→ **TASK PROMPT**
In the material below, the lines from the one containing "En novembre 2023" through the one containing "6 aylıq, tam" are to be given again exactly, ends included, and no others.

→ **RECORDS FOR THE EXERCISE**
· · · · · · ·
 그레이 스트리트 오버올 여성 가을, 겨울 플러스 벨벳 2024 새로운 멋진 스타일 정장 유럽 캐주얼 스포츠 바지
· · · · · · ·
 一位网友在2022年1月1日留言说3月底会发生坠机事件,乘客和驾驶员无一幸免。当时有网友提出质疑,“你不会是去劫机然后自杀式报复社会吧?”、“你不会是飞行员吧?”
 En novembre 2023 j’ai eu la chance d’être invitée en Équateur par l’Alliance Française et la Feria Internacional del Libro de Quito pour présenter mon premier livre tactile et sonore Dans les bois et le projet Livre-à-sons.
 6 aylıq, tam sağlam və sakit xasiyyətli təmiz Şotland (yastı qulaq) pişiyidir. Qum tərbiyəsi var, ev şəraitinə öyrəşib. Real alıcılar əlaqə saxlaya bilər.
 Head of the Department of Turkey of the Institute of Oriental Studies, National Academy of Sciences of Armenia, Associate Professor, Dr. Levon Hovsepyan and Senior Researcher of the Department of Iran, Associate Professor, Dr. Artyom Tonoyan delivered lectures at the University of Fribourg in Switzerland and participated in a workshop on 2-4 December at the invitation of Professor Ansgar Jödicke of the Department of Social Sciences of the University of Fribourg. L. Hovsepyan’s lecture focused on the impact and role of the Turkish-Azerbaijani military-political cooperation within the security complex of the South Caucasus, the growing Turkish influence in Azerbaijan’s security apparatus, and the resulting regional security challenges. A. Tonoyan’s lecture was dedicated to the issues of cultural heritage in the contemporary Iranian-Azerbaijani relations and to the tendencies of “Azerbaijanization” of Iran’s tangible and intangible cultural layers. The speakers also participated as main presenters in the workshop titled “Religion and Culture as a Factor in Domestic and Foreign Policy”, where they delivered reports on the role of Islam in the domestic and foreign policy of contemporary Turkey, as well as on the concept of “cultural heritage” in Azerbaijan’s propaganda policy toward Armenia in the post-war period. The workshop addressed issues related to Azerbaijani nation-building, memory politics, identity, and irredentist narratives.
· · · · · · ·
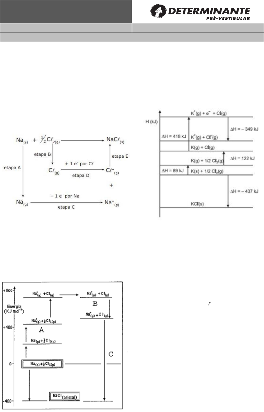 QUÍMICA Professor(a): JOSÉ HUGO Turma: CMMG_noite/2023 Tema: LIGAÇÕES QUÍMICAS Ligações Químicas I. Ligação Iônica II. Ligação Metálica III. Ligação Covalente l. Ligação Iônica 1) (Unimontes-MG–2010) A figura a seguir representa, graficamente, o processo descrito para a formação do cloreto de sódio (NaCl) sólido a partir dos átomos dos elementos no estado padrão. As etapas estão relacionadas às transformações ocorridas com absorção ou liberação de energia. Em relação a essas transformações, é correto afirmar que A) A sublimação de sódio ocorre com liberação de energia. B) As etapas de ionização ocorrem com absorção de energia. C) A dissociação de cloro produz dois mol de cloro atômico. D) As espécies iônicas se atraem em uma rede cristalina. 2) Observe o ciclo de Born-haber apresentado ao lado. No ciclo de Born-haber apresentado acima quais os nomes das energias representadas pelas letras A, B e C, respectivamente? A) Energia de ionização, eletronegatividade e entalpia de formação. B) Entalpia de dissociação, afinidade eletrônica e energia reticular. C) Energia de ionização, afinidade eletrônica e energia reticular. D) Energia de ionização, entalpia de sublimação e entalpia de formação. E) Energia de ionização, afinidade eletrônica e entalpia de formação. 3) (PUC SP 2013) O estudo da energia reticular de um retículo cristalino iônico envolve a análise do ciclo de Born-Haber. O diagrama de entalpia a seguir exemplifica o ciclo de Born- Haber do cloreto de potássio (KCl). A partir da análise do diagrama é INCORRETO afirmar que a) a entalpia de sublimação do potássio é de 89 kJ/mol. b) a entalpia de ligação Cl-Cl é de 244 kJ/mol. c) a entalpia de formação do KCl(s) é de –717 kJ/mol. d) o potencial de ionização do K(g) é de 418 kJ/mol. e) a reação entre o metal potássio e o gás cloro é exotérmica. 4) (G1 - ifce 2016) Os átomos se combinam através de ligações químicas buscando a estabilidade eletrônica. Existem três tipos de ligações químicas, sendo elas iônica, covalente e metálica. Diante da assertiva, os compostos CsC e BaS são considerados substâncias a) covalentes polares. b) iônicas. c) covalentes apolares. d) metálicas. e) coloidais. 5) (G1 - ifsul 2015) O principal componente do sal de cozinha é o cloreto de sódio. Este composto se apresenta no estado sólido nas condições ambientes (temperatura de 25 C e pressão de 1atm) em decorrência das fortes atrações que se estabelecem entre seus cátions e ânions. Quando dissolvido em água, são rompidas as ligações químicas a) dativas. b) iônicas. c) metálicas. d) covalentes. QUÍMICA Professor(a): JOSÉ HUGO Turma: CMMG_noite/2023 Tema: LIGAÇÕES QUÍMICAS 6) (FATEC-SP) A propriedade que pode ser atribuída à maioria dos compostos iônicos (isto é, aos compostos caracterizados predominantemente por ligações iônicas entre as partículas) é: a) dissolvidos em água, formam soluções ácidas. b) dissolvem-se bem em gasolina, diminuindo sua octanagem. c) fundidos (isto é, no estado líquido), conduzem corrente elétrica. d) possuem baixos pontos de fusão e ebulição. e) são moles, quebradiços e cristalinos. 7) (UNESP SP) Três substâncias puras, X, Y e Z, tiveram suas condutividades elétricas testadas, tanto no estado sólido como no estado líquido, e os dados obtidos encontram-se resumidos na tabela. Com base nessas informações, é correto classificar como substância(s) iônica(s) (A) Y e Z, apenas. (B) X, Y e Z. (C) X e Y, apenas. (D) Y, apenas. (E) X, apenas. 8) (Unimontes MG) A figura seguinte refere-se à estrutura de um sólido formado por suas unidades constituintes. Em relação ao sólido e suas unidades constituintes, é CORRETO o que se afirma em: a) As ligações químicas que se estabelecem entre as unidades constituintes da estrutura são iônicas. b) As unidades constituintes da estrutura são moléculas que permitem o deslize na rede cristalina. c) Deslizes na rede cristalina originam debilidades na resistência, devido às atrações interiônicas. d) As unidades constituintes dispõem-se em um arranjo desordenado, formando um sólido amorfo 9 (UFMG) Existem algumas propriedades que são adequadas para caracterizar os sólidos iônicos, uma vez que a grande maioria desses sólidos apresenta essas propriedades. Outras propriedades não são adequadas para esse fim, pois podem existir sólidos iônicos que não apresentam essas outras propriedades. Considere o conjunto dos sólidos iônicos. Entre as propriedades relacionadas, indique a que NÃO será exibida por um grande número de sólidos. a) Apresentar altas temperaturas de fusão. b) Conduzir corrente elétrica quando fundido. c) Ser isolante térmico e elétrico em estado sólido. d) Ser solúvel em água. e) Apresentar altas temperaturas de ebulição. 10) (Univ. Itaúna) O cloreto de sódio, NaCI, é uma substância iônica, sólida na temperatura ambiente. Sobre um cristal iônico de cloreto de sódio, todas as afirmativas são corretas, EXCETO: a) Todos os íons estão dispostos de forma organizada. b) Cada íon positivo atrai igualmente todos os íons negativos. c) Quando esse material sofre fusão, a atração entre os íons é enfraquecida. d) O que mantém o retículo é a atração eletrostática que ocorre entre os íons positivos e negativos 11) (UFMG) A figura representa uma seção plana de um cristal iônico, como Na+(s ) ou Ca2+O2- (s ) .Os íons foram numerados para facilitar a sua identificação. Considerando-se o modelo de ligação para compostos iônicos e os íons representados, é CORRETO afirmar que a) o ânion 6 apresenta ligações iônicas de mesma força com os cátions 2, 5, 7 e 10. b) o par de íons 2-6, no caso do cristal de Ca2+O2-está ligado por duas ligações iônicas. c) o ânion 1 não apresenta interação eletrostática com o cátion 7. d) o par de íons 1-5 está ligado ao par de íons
· · · · · · ·
→ **RESPONSE**
 En novembre 2023 j’ai eu la chance d’être invitée en Équateur par l’Alliance Française et la Feria Internacional del Libro de Quito pour présenter mon premier livre tactile et sonore Dans les bois et le projet Livre-à-sons.
 6 aylıq, tam sağlam və sakit xasiyyətli təmiz Şotland (yastı qulaq) pişiyidir. Qum tərbiyəsi var, ev şəraitinə öyrəşib. Real alıcılar əlaqə saxlaya bilər.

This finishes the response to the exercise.